LPI-RIT at LeWiDi-2025: Improving Distributional Predictions via Metadata and Loss Reweighting with DisCo

TL;DR

This work tackles the challenge of predicting annotator disagreement in LeWiDi-2025 by extending the DisCo framework to incorporate annotator metadata and task-aligned multi-objective losses. The proposed DisCo_New architecture uses metadata embeddings and task-specific encoders to jointly model item-, annotator-, and annotator-level distributions, optimizing losses that align with soft-label and perspectivist evaluations, including Wasserstein distance and MAE components. Across CSC, MultiPico, and Par, DisCo_New yields consistent improvements in both soft-label distributions and perspectivist predictions, with calibration analyses showing more reliable uncertainty handling and better annotator-specific alignment.
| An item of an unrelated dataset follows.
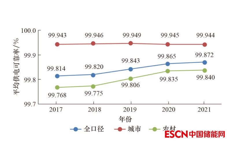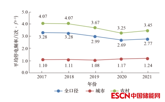 2021 年,全國供電系統(tǒng)用戶平均供電可靠率99.872%,同比上升0.007個百分點;用戶平均停電時間11.26 h/戶,同比減少0.61 h/戶;用戶平均停電頻率 2.77次/戶,同比增加0.08次/戶。其中,全國城市地區(qū)平均供電可靠率99.944%,農(nóng)村地區(qū)平均供電可靠率 99.840%,城市、農(nóng)村地區(qū)平均供電可靠率相差0.104個百分點;全國城市地區(qū)用戶平均停電時間4.89 h/戶,農(nóng)村地區(qū)用戶平均停電時間14.06 h/戶,城市、農(nóng)村地區(qū)用戶平均停電時間相差9.17 h/戶;全國城市地區(qū)用戶平均停電頻率1.24次/戶,農(nóng)村地區(qū)用戶平均停電頻率3.45次/戶,城市、農(nóng)村地區(qū)用戶平均停電頻率相差 2.21次/戶。

These findings demonstrate that leveraging demographic and contextual annotator information, together with loss objectives tied to evaluation metrics, enhances the ability to capture human disagreement in complex linguistic tasks, with implications for robustness and fairness in real-world systems.

Abstract

The Learning With Disagreements (LeWiDi) 2025 shared task aims to model annotator disagreement through soft label distribution prediction and perspectivist evaluation, which focuses on modeling individual annotators. We adapt DisCo (Distribution from Context), a neural architecture that jointly models item-level and annotator-level label distributions, and present detailed analysis and improvements. In this paper, we extend DisCo by introducing annotator metadata embeddings, enhancing input representations, and multi-objective training losses to capture disagreement patterns better. Through extensive experiments, we demonstrate substantial improvements in both soft and perspectivist evaluation metrics across three datasets. We also conduct in-depth calibration and error analyses that reveal when and why disagreement-aware modeling improves. Our findings show that disagreement can be better captured by conditioning on annotator demographics and by optimizing directly for distributional metrics, yielding consistent improvements across datasets.

Figures (12)

• Figure 1: Data representation for DisCo: each item $\mathbf{x}_m$ is paired with per‐annotator responses $\mathbf{y}_{\cdot,m}$ and their empirical distribution $\#\mathbf{y}_{\cdot,m}$, and each annotator $n$ has a response vector $\mathbf{y}_{n,\cdot}$ with distribution $\#\mathbf{y}_{n,\cdot}$.
• Figure 2: Block diagram of the DisCo encoder and decoder. The encoder maps item and annotator inputs into a joint latent code $\mathbf{z}_E$, and the decoder produces three parallel distributions via softmax heads.
• Figure 3: Metadata Embedding Pipeline for DisCo_New: After converting raw metadata into Natural language, it is passed through a transformer to generate embeddings and eventually generate $a_n$
• Figure 4: Soft-label confusion matrix for MP dev set (DisCo_New). Improved recall for the Ironic class is shown compared to DisCo_OG.
• Figure 5: Prediction error vs. modal label probability for the MP dev set. Fewer high-error outliers at high confidence are seen for DisCo_New.